The integration of intraluminal thrombus (ILT) on the FEA models plays a crucial role in the estimation of wall stress values and stress distribution (Georgakarakos et al, 2009 and Wang et al, 2002). ILT consists of 3 layers (abluminal, medial and luminal) with marked differences in mechanical properties and structure (Figure 6A). The luminal layer (Figure 6B) consists of a network of fibrin fibers, with Young’s modulus values 54 and 57 N/cm2 in the longitudinal and circumferential directions, respectively (van 't Veer et al, 2008). The medial layer shows some degree of degeneration of the fibrin fibers and presents a 33 and 27 N/cm2 in the longitudinal and circumferential directions, respectively (Wang et al, 2001). Finally, the abluminal layers appear too degenerated (Figure 6C) to be tested on vitro for determination of the mechanical properties. Vande Geest et al performed planar biaxial testing on the luminal layer of ILT and estimated the maximum tangential modulus to be 23.1 and 20.1 N/cm2 in the longitudinal and circumferential directions, respectively (Vande Geest et al, 2006b). Di Marino et al (Di Marino et al, 1998) estimated the range of ILT Young’s modulus to be 5-20 N/cm2, whereas Hinnen et al (Hinnen et al, 2007) 1.3-5.9 N/cm2.
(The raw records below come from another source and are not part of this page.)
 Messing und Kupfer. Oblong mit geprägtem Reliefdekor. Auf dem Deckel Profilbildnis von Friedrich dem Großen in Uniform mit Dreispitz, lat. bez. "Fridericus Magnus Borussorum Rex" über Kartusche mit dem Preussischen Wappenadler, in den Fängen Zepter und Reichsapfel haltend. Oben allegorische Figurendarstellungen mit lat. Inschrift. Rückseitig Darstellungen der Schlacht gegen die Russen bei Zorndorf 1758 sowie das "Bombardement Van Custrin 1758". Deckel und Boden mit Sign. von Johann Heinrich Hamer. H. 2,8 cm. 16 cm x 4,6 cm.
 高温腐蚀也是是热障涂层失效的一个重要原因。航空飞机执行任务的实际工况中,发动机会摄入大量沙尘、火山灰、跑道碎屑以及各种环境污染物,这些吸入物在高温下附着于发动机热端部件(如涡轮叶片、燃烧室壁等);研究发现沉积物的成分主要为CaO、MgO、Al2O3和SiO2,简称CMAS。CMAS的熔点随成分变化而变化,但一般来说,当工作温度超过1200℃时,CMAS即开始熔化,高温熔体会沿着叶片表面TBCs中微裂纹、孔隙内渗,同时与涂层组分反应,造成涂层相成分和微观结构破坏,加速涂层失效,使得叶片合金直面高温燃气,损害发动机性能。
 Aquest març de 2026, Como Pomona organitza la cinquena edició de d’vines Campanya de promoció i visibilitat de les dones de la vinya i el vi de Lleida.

It is clear that there is a wide variation in the mechanical properties of ILT. The mechanical properties of the thrombus vary not only within the ILT volume of a given AAA but also between different ILTs (Ashton et al, 2009; van Dam et al, 2008). Consequently, the hemodynamic load on the AAA wall can be modified by the variations in local thickness, shear modulus and volume of ILT (Speelman et al, 2010b). Moreover, the varying mechanical properties of the thrombus account for the large variability in its compressibility (Truijers et al, 2009), which could influence its protective role against AAA rupture or sac enlargement. Furthermore, fissures in ILT can breach the ILT “cushion” effect, resulting in increase in wall stress in the underlying AAA wall (Polzer et al, In Press).
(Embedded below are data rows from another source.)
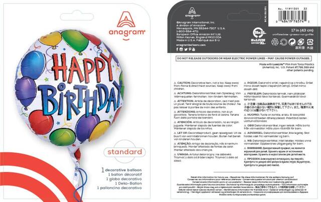 Fun Happy Birthday Balloon, 17-in by Anagram Int'l Inc. is the perfect addition to any birthday celebration. The white balloon features a border of colorful balloons and a cheery "Happy Birthday" headline that is sure to bring a smile to the birthday boy or girl. At 17 inches, this balloon is large enough to be seen from across the room and will help set a festive mood for the party. Add some matching balloons and you'll have created a fun balloon bouquet in minutes to help your celebrant kick off their special day in style.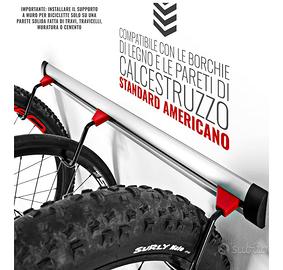 Si adatta a varie dimensioni di ruote - Ampi ganci sovradimensionati montano ruote / pneumatici fino a 5" rispetto alla concorrenza sotto i 3". Il sistema di stoccaggio si adatta alla maggior parte dei tipi di bici: strada, ciclocross, ibrido, bambini, MTB e anche Fat Bikes. I ganci di alta qualità offrono alle ruote una grande protezione quando sono appese. Il design dei ganci è 'angolato', il che rende facile il montaggio delle biciclette e toglie la pressione alle ruote e ai raggi.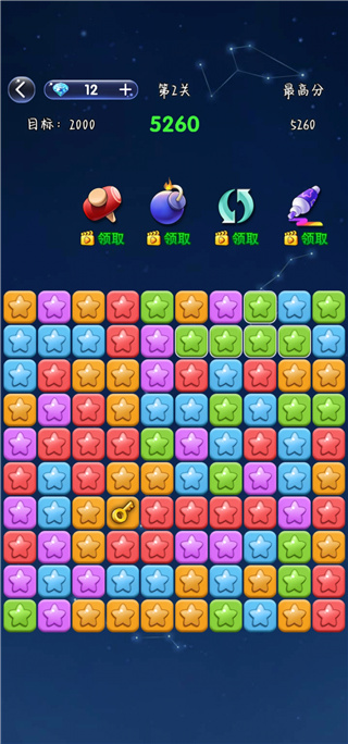 清新的面板设计,酷炫的游戏特效,星空场景,定会带你畅游在消除的星星世界中。

AAA rupture is a matter of deficient wall strength and increased hemodynamic loading. Therefore, reliable rupture risk estimation should take into account both the local distribution of wall stress and wall strength. Refinements in computational methods of these parameters could lead to identification of high-risk aneurysms, patient-specific risk assessment, detailed geometric characterization of AAAs and precise follow-up of aneurysm growth. The development of hybrid models that would take into account the geometric, biomechanical and biologic factors in a patient-specific basis is awaited with great interest. Furthermore, advances in ultrasound and dynamic MRI imaging are expected to provide us with important information regarding the material properties of ILT over the cardiac cycle, the spatial variance of compliance, stiffness and distensibility of the AAA wall and, finally a detailed mapping of the AAA wall thickness. The aforementioned elements are necessary for improvement of accurate, reliable patient-specific prediction models of rupture risk.